• [Task details]: The response should reproduce exactly the lines from the top of the listing below through the one that contains "Disponibili a parte", and nothing else; pictures do not belong in it.

• [Raw data]:
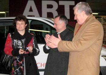Landesrätin Petra Bohuslav und Bürgermeister Roman Sigmund übergeben einen symbolischen Schlüssel der Leiterin des Kindergartens und der Leiterin der Tagesbetreuungseinrichtung. |
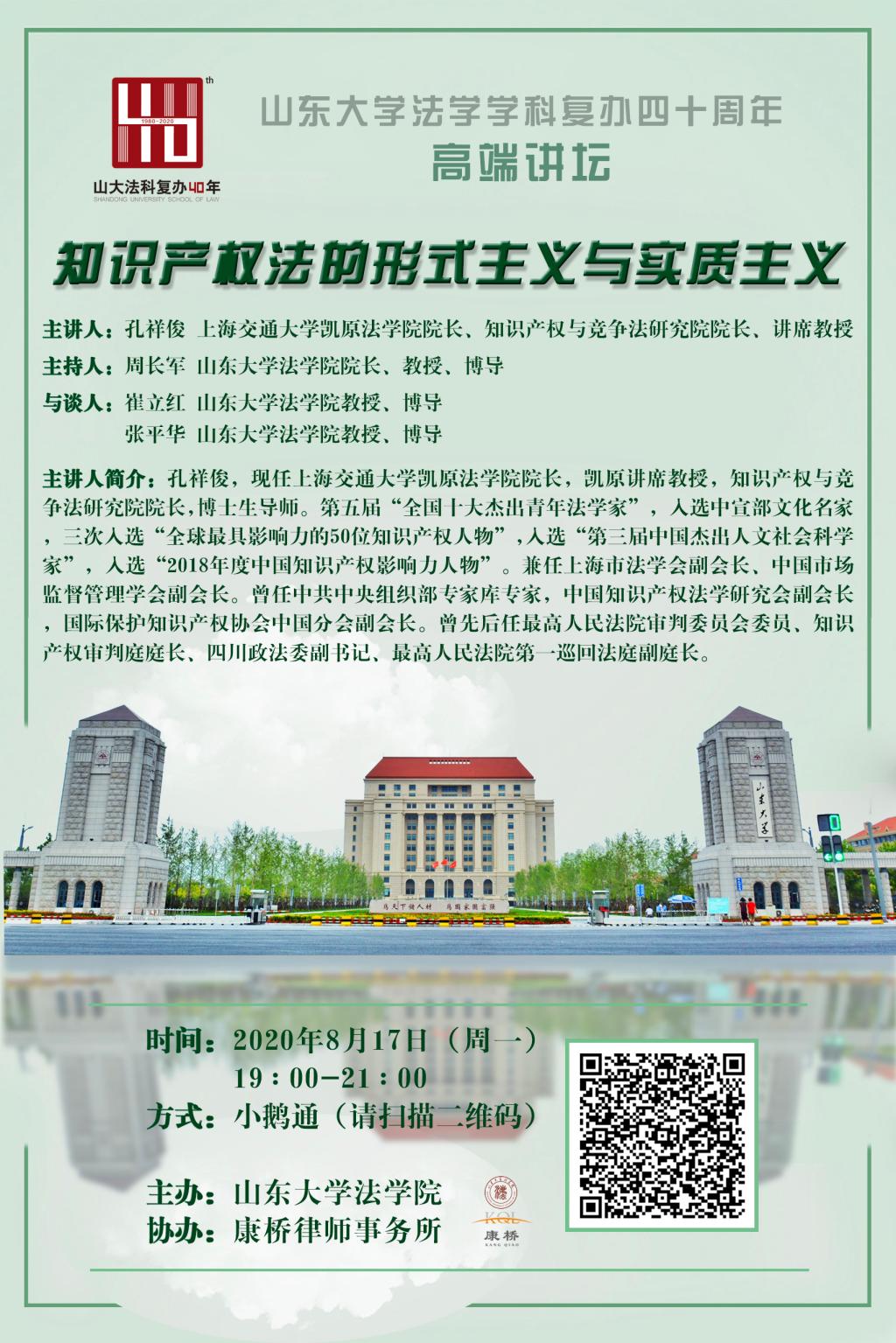 古天乐太阳娱乐集团tyc493法学学科复办四十周年高端讲坛:知识产权法的形式主义与实质主义
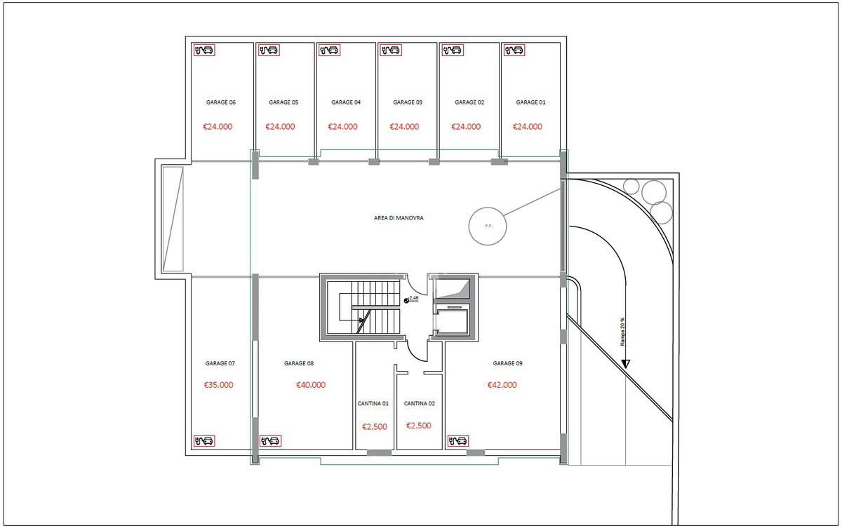 Disponibili a parte cantine, garage e posti auto di varie metrature.
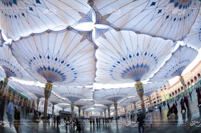 As part of the umbrellas project, 436 misting fans have been installed on 250 umbrellas covering the various squares of the mosque, which have an area of about 175,500 sq. meters and accommodate approximately 251,000 worshipers.
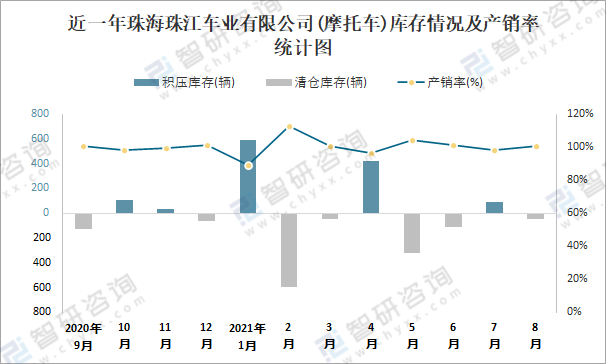 近一年珠海珠江車業有限公司庫存情況及產銷率統計圖
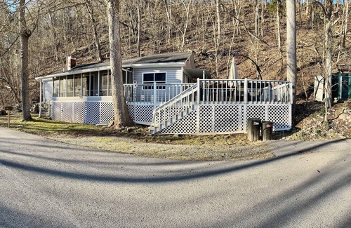 Welcome to this cool fishing cabin in Gate City. With 2 bedrooms including a queen bed, futon, and bunk bed, this terrific retreat is perfect for a small group of guests. Enjoy the fabulous living room with a cozy sofa bed, ideal for relaxing after a day of exploring. The cabin also features heating, AC, a washing machine, and WiFi for your convenience. Experience the outdoors in comfort with Kingsport and Gate City just minutes away
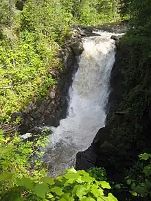 Moxie Falls is a waterfall in Somerset County, Maine. At a vertical drop of over 90 feet (30 m) into a pool about 17 feet (5 m) deep, Moxie Falls is one of the highest falls in New England.[1] The falls are part of Moxie Stream which flows from Moxie Pond into the Kennebec River approximately 1 kilometer (0.62 mi) downstream the falls. Moxie Stream drains Moxie Pond approximately 5 miles (8.0 km) upstream of the falls.
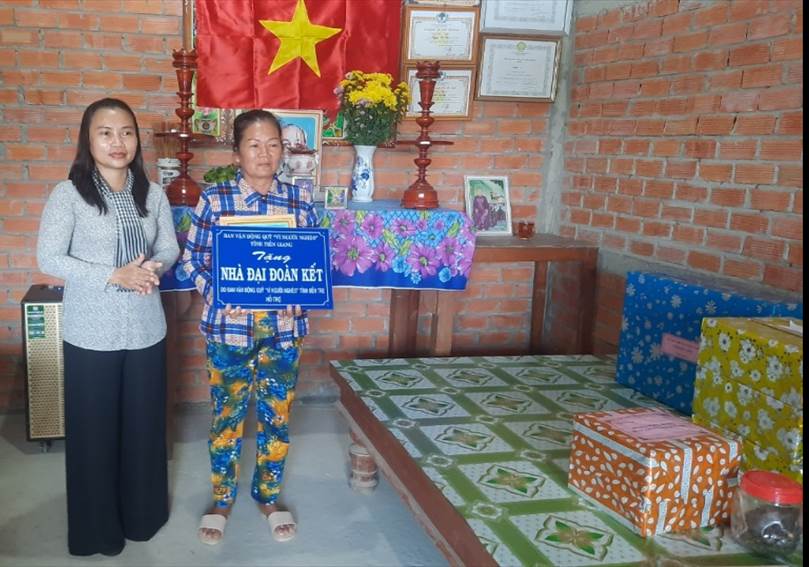 Trước đó, Ban Thường trực Ủy ban MTTQ Việt Nam tỉnh Tiền Giang tổ chức chương trình bàn giao nhà Đại đoàn kết do Quỹ “Vì người nghèo” mỗi tỉnh trong cụm hỗ trợ cho đơn vị đăng cai 01 căn nhà đại đoàn kết.
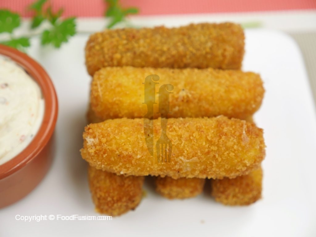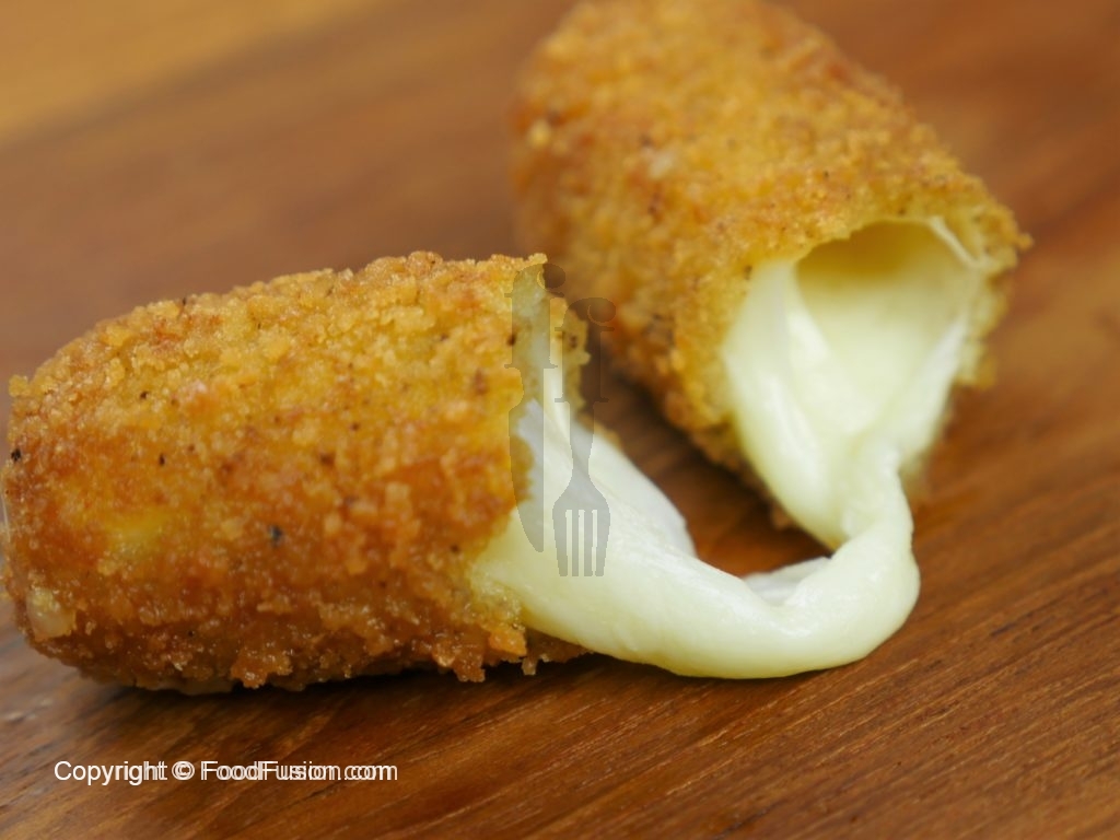 Coat mozzarella cheese stick in all-purpose flour,dip in beaten eggs then roll in bread crumbs and again dip in the beaten eggs and coat with bread crumbs.

• [Response to this task]:
Landesrätin Petra Bohuslav und Bürgermeister Roman Sigmund übergeben einen symbolischen Schlüssel der Leiterin des Kindergartens und der Leiterin der Tagesbetreuungseinrichtung. |
 古天乐太阳娱乐集团tyc493法学学科复办四十周年高端讲坛:知识产权法的形式主义与实质主义
 Disponibili a parte cantine, garage e posti auto di varie metrature.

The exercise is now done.